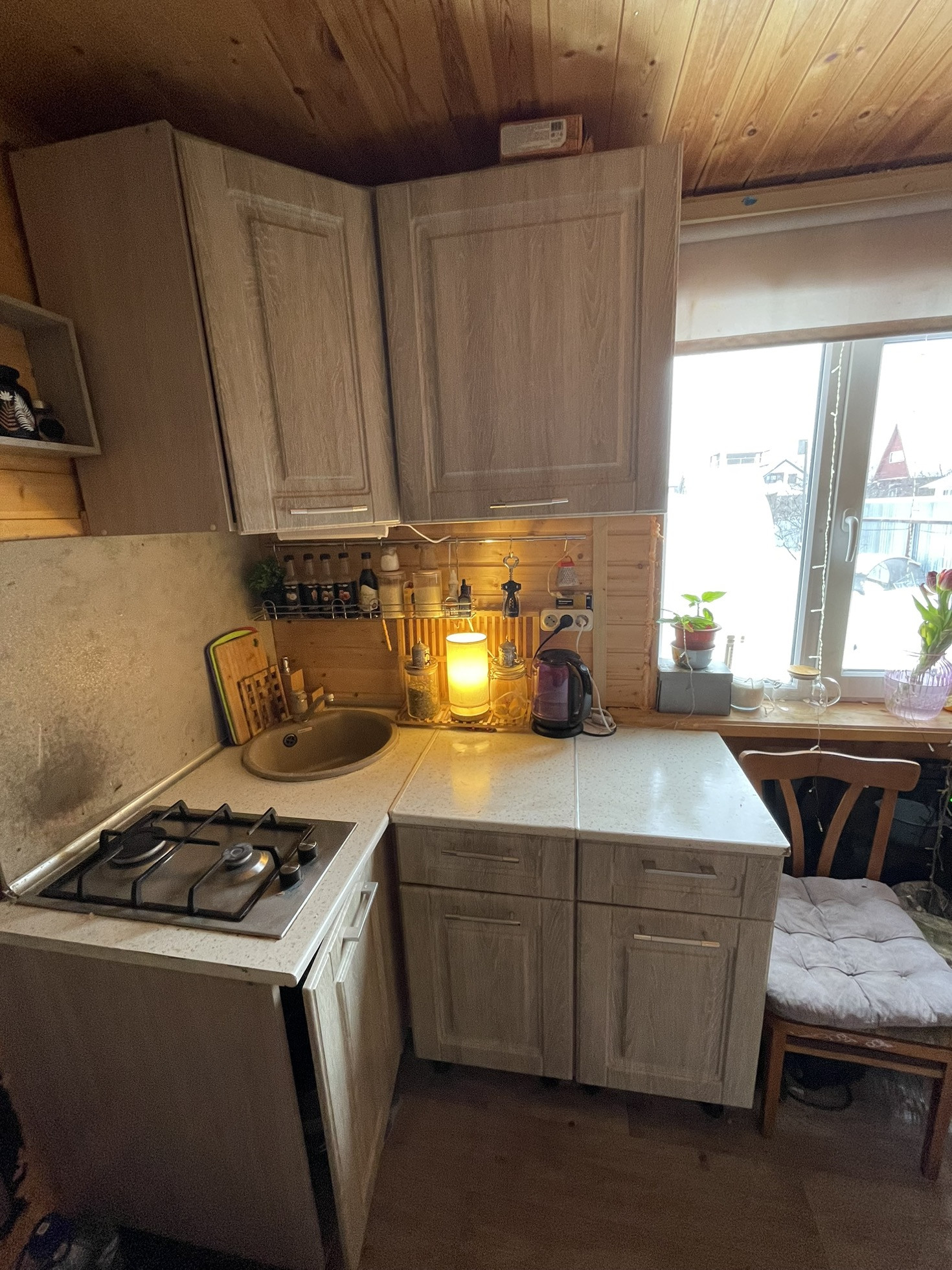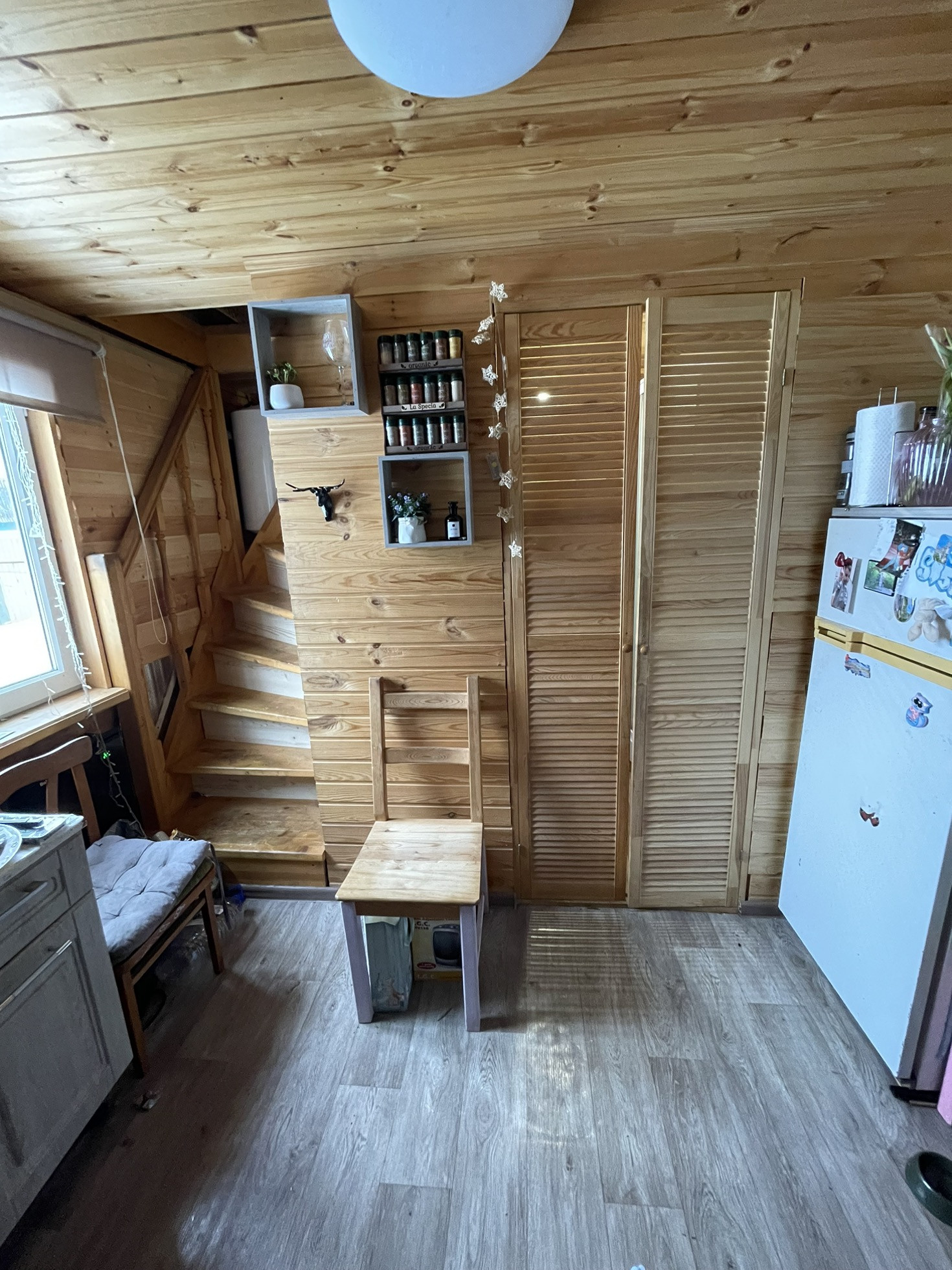 На первом этаже маленькая спальня ,кухня-прихожая,санузел-душевая,раковина ,туалет.
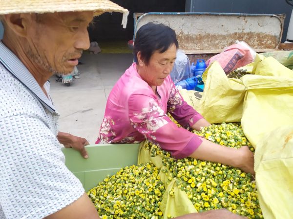 合作社新建的菊花烘干加工厂,车间宽敞明亮,工人们正在把菊胎和菊花进行分拣。随着烘干机隆隆作响,一盘盘烘干后的菊花被整齐地码放到院里,准备包装后外销。
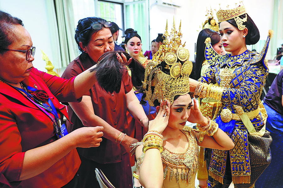 With help from several hands, a dancer with the Royal Ballet of Cambodia, who is a specialist in Khmer classical dance, adjusts her delicate headdress before performing in Karamay, an oil-rich city in northern Xinjiang. [PHOTO BY ZOU HONG/CHINA DAILY]
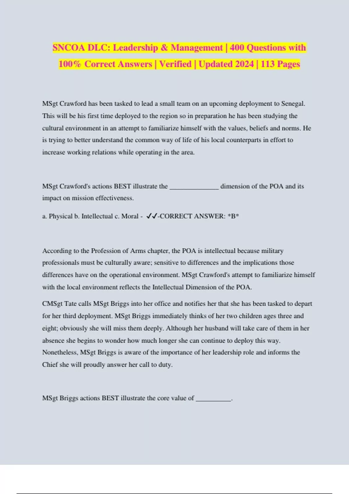 SNCOA DLC: Leadership & Management | 400 Questions with 100% Correct Answers | Verified | Updated 2024 | 113 Pages MSgt Crawford has been tasked to lead a small team on an upcoming deployment to Senegal. This will be his first time deployed to the region so in preparation he has been studying the cultural environment in an attempt to familiarize himself with the values, beliefs and norms. He is trying to better understand the common way of life of his local counterparts in effort to increase working relations while operating in the area. MSgt Crawford's actions BEST illustrate the ______________ dimension of the POA and its impact on mission effectiveness. a. Physical b. Intellectual c. Moral -️️ -CORRECT ANSWER: *B* According to the Profession of Arms chapter, the POA is intellectual because military professionals must be culturally aware; sensitive to differences and the implications those differences have on the operational environment. MSgt Crawford's attempt to familiarize himself with the local environment reflects the Intellectual Dimension of the POA. CMSgt Tate calls MSgt Briggs into her office and notifies her that she has been tasked to depart for her third deployment. MSgt Briggs immediately thinks of her two children ages three and eight; obviously she will miss them deeply. Although her husband will take care of them in her absence she begins to wonder how much longer she can continue to deploy this way. Nonetheless, MSgt Briggs is aware of the importance of her leadership role and informs the Chief she will proudly answer her call to duty. MSgt Briggs actions BEST illustrate the core value of __________. a. Service Before Self b. Excellence in All We Do c. Integrity First -️️ -CORRECT ANSWER: *A* According to the Profession of Arms chapter, the Air Force Core Values of Service Before Self tells us that professional duties take precedence over personal desires. Which of the following BEST identifies Professional Methods? Professional Methods... a. involve the actual application of professional knowledge and theory b. encompass a combination of emotional, moral, and intellectual qualities c. include both tangible and intangible measurements of performance -️️ -CORRECT ANSWER: *A* According to the Profession of Arms chapter, professional methods involve the actual application of professional knowledge and theory to any given situation. Professional Methods include: -️️ -Technical Knowledge Communication Leadership and Management skills Professional Character includes: -️️ -Attitude Alignment with core values Alignment with AFI 36-2618 Professional Standards include: -️️ -Quality and quantity of work Ethical behavior Professional relationships Adherence to and promotion of core values Adherence to and promotion of AFI 36-2618 MSgt Smith is two classes shy of completing his Community College of the Air Force Degree. Uncertain about his future in the Air Force he decides to make completion a priority for the upcoming year. He also decides to seek out other opportunities that will help increase his management skills. Looking back he wishes he would have been motived to do so earlier in his career. MSgt Smith actions BEST illustrate ___________. a. Developing Others b. Self-Development c. Direction, Discipline and Recognition -️️ -CORRECT ANSWER: *B* b. CORRECT: According to the Profession of Arms chapter, self-development is the disciplined will to leverage learning opportunities that increase or improve your knowledge, skills and attitudes. A1C Rico has really been working hard over the last quarter. In fact, he has come to work early to complete assignments which helped the unit mission success rate stay above average. A1C Rico's efforts haven't gone unnoticed. To keep him motivated and hoping to increase the initiative of other unit members, MSgt Smith submits A1C Rico for Airman of the Quarter. MSgt Smith's actions BEST illustrate his understanding of ________ and its impact on subordinate effectiveness. a. Self-Development b. Developing Others c. Direction, Discipline and Recognition -️️ -CORRECT ANSWER: *C* According to the Profession of Arms chapter, DDR is critical to your early development and helps maintain a high degree of professionalism throughout your career. SSgt Blount, a heavy equipment trainer, will be separating from the Air Force in six months. He's very excited about getting out and starting a new career. MSgt Kersey calls SSgt Blount into his office and informs him that he'll continue to train the new arrivals until his separation date. Upset SSgt Blount says, "This is unfair and will take up too much of my time." Because SSgt Blount ___________, his actions will MOST likely __________ mission effectiveness. a. understands Professional Methods; enhance b. misunderstands Professional Methods; hinder c. understands Professional Standards; enhance d. misunderstands Professional Standards; hinder -️️ -CORRECT ANSWER: *D

────────────────

◆ THE PROBLEM
Range to copy from the listing above: the line containing "合作社新建的菊花烘干加工厂,车间宽敞明亮" down to the line containing "With help from", both included. Reproduce it exactly, minus the pictures, and add nothing.

◆ TASK RESPONSE
 合作社新建的菊花烘干加工厂,车间宽敞明亮,工人们正在把菊胎和菊花进行分拣。随着烘干机隆隆作响,一盘盘烘干后的菊花被整齐地码放到院里,准备包装后外销。
 With help from several hands, a dancer with the Royal Ballet of Cambodia, who is a specialist in Khmer classical dance, adjusts her delicate headdress before performing in Karamay, an oil-rich city in northern Xinjiang. [PHOTO BY ZOU HONG/CHINA DAILY]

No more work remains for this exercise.